California ‘land back’ deal is US’ largest, China tries crowdsourced bus routes

A 23-year effort created California’s largest “land back” return of territory, doubling the Yurok tribe’s holdings

The Western Rivers Conservancy raised $56 million to buy from a timber company 73 square miles along Blue Creek and the eastern side of the lower Klamath River in Northern California.

In managing the land and waterways, the tribe hopes to reintroduce tools of Indigenous management such as “good fire” to restore historic prairies and remove invasive species. In this important fish habitat, Blue Creek aids the survival of Chinook salmon by cooling down their body temperature with an influx of cold water before they reach the upper Klamath to spawn.

Why We Wrote This

In our progress roundup, two changes give people more agency at home: California’s Yurok tribe doubled its land holdings, and in Poland, councillors repealed a municipal resolution on families and children that courts said violated the dignity of LGBTQ+ people.
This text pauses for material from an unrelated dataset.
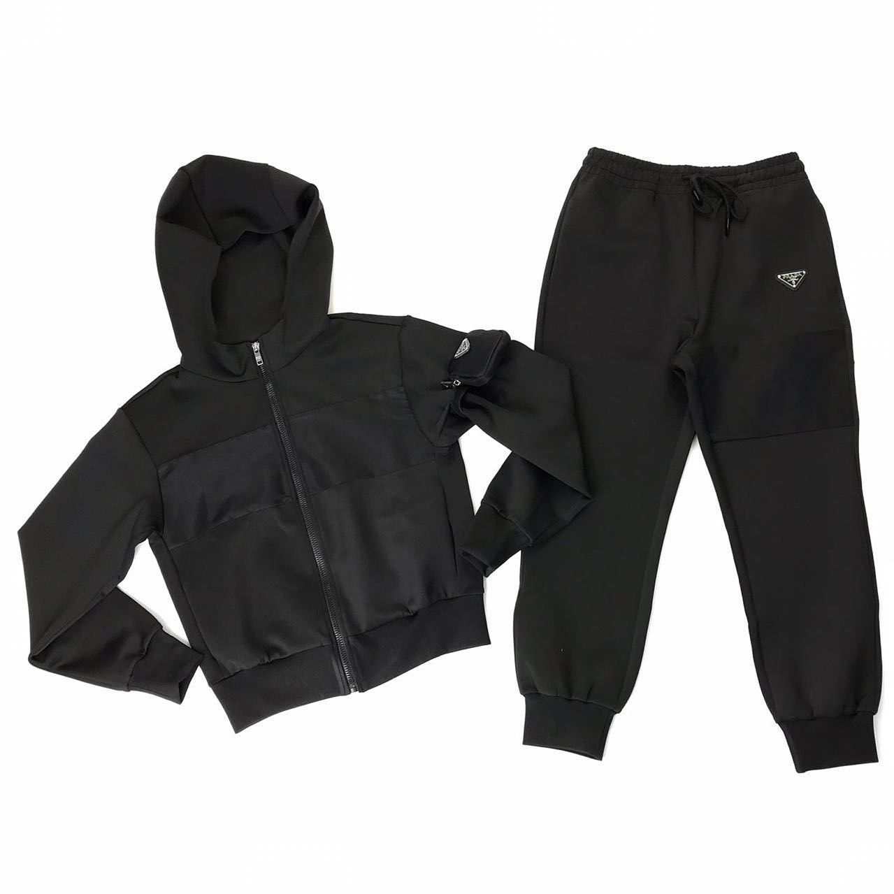 Спортивный костюм Prada LUX-36032 — это элегантный выбор для тех, кто ценит стиль и комфорт. Комплект выполнен в минималистичном черном цвете, что делает его универсальным и легко сочетаемым с различной одеждой. Костюм идеально подходит для занятий спортом, активного отдыха или повседневного ношения.

While 90% of the Yurok tribe’s territory was taken by settlers during the California Gold Rush in the mid-1800s, research has found that the healthiest, most biodiverse, and most resilient forests are on protected lands where Indigenous people are stewards. Nearly 4,700 square miles of land were returned to tribes in 15 states over 10 years through the U.S. Land Buy-Back Program for Tribal Nations, which ended in 2022.